1 Make your own Biodiesel Part 2
Zane Sawtell edited this page 6 months ago


Anybody can make biodiesel. It’s easy, you can make it in your kitchen area-- and it’s BETTER than the petro-diesel fuel the big oil business offer you. Your diesel motor will run much better and last longer on your home-made fuel, and it’s much cleaner-- much better for the environment and much better for health.

If you make it from utilized cooking oil it’s not just low-cost however you’ll be recycling a bothersome waste product. Most importantly is the GREAT feeling of flexibility, self-reliance and empowerment it will give you. Here’s how to do it-- everything you require to understand.

Straight grease fuel (SVO) systems can be a tidy, efficient and affordable alternative. Unlike biodiesel, with SVO you need to modify the engine.

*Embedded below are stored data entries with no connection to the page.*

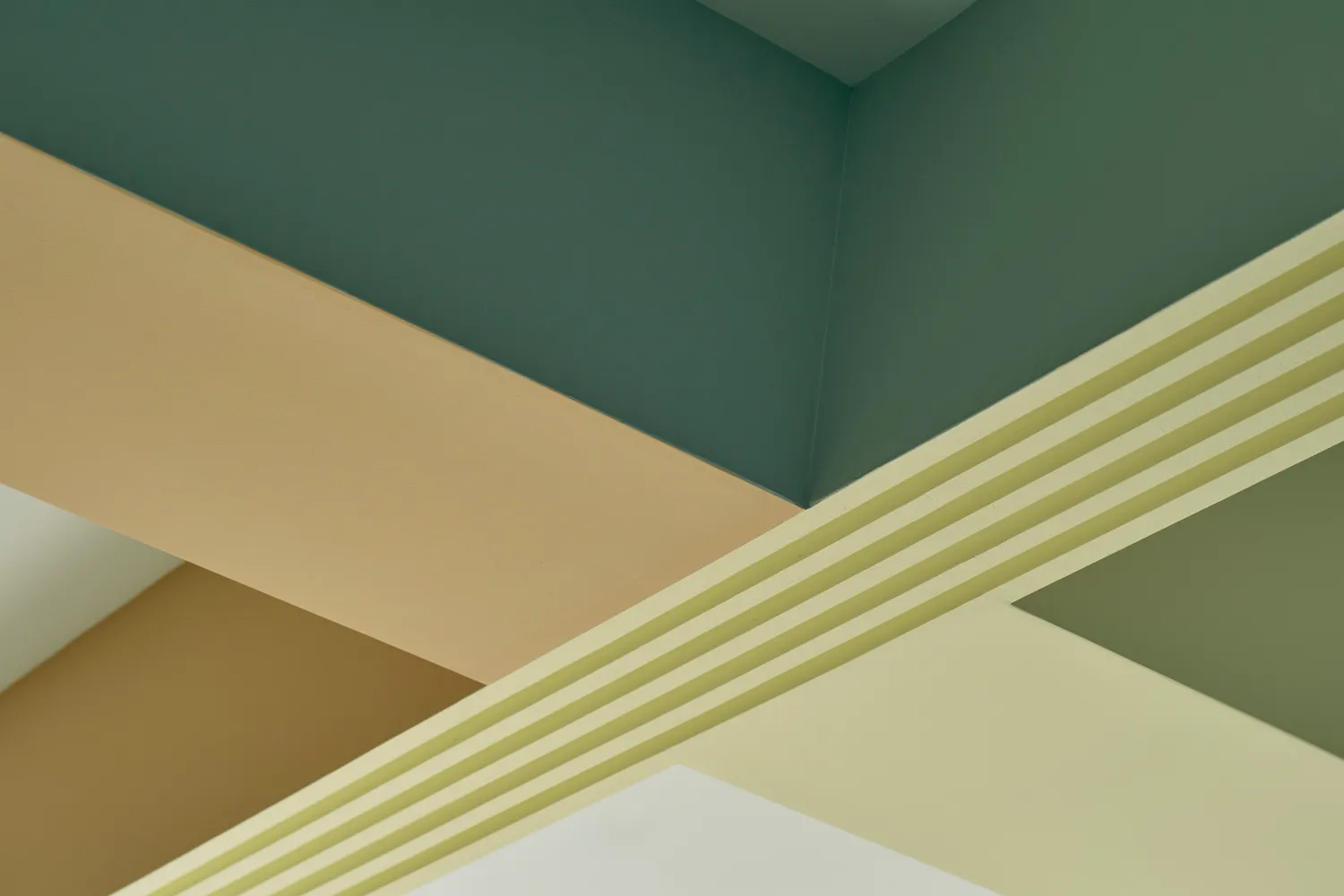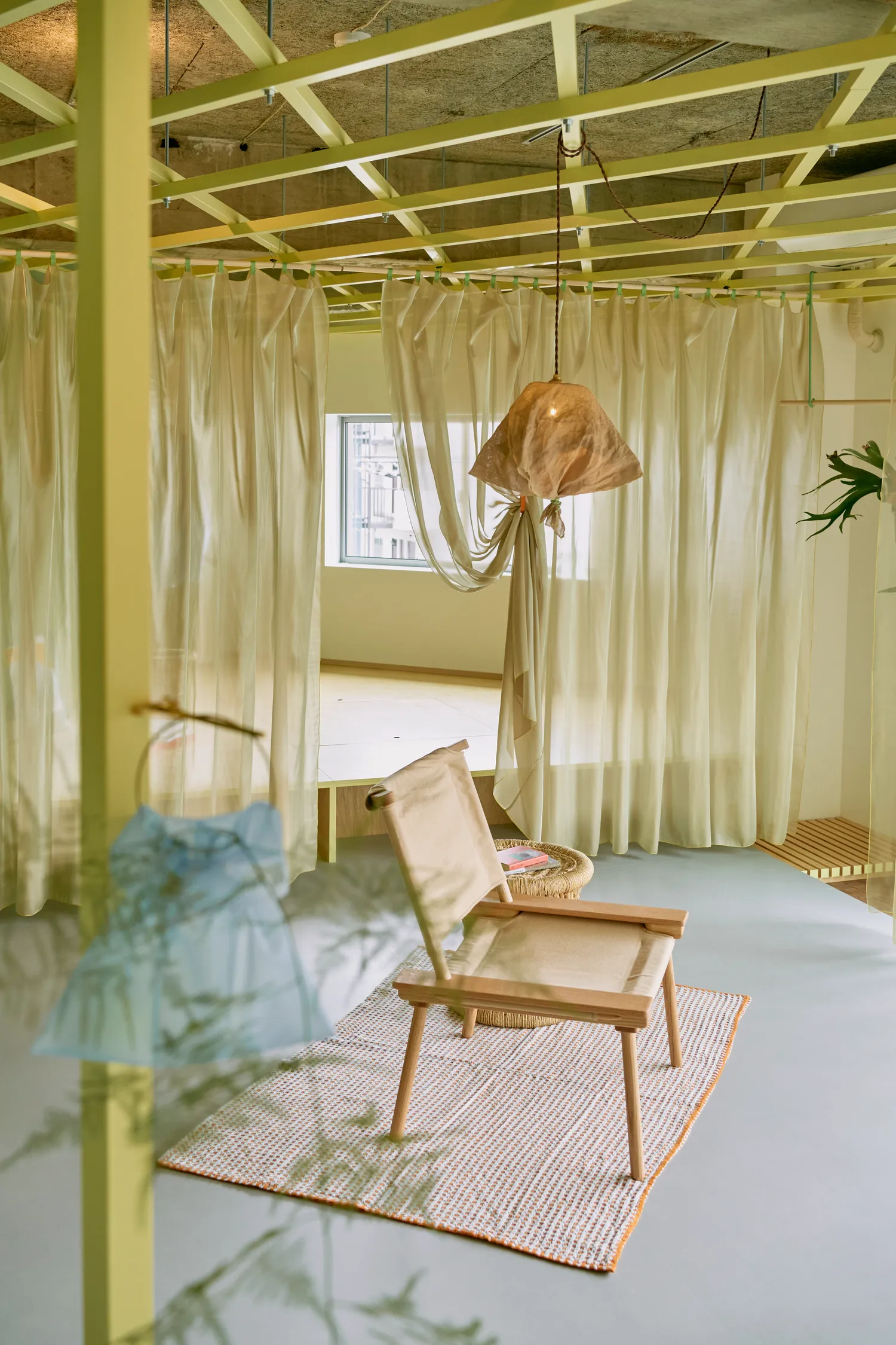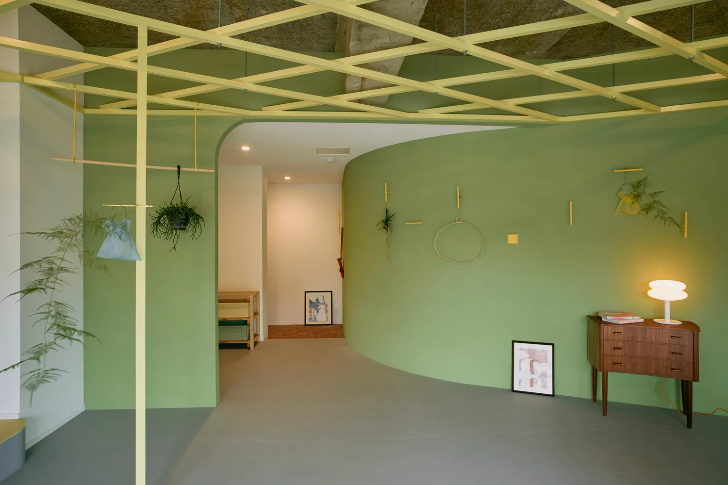 ぶどうの棚とも言われるパーゴラはつる植物により日陰をつくる休息の場をいいます。当プロジェクトはパーゴラをモチーフに、天井に寸三の格子を張り巡らしています。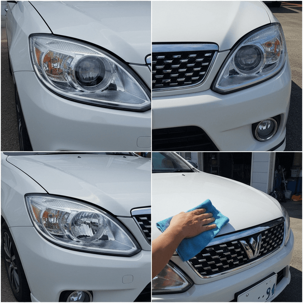 ストーリアはヘッドライトの黄ばみとボディの鉄粉が第一印象を損ねます。研磨+鉄粉除去クリーナー+ワックスで輝きを取り戻せば「程度良好」と判断され+4~7万円の効果。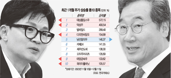 ÀÌ ¹Û¿¡µµ ÃÖ±Ù ÁÖ°¡ »ó½ÂÀ» À̲ö Á¾¸ñµéÀº ´ëºÎºÐ Á¤Ä¡ Å׸¶ÁÖ´Ù. ÇÑ ´Þ ¸¸¿¡ 400.54% ¿À¸¥ ´ö¼º ¿ì¼±ÁÖ¿Í µðƼ¾Ø¾¾¾Ë¿À(154.99%), žç±Ý¼Ó ¿ì¼±ÁÖ(133.62%), ¿ÍÀÌ´õÇ÷¡´Ö(105.57%) µîµµ ÇÑ Àå°ü Å׸¶ÁÖ·Î ºÐ·ùµÈ´Ù. ÇÑ Àå°üÀÌ ³»³â 4¿ù ÃѼ±¿¡ Ã⸶ÇÒ °ÍÀ¸·Î ¿¹»óµÇ¸é¼ °ü·Ã Å׸¶ÁÖµéÀÌ ±ÞµîÇÏ´Â »óȲÀÌ´Ù.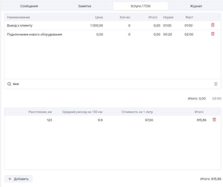 Область данных заявки, Услуги. Списание трудозатрат и гсм по заявке.

The very best way is to fit a professional singletank SVO system with replacement injectors and glowplugs optimised for veg-oil, along with fuel heating.

With the German Elsbett single-tank SVO system for instance you can use petro-diesel, biodiesel or SVO, in any combination. Just start up and go, stop and turn off, like any other car. Journey to Forever’s Toyota TownAce van uses an Elsbett single-tank system. More

There are likewise two-tank SVO systems which pre-heat the oil to make it thinner. You have to begin the engine on ordinary petroleum diesel or biodiesel in one tank and after that change to SVO in the other tank when the veg-oil is hot enough, and change back to petro- or biodiesel before you stop the engine, or you’ll coke up the injectors.

More information on straight grease systems in my blog site.

3. Biodiesel or SVO?

Biodiesel has some clear advantages over SVO: it works in any diesel, with no conversion or modifications to the engine or the fuel system-- just put it in and go. It also has much better cold-weather properties than SVO (however not as excellent as petro-diesel-- see Using biodiesel in winter). Unlike SVO,

it’s backed by many long-term tests in numerous countries, consisting of millions of miles on the road.

Biodiesel is a clean, safe, ready-to-use, alternative fuel, whereas it’s fair to say that numerous SVO systems are still speculative and require additional advancement.

On the other hand, biodiesel can be more costly, depending just how much you make, what you make it from and whether you’re comparing it with brand-new oil or utilized oil (and depending upon where you live). And unlike SVO, it needs to be processed initially.

But the large and quickly growing around the world band of homebrewers don’t mind-- they make a supply weekly or when a month and soon get used to it. Many have been doing it for years.

Anyway you have to too, particularly WVO (waste grease, used, prepared), which lots of people with SVO systems utilize due to the fact that it’s inexpensive or free for the taking. With WVO food particles and impurities and water should be removed, and it probably ought to be deacidified too. Biodieselers state, “If I’m going to have to do all that I may as well make biodiesel instead.” But SVO types discount that-- it’s much less processing than making biodiesel, they say. To each his own.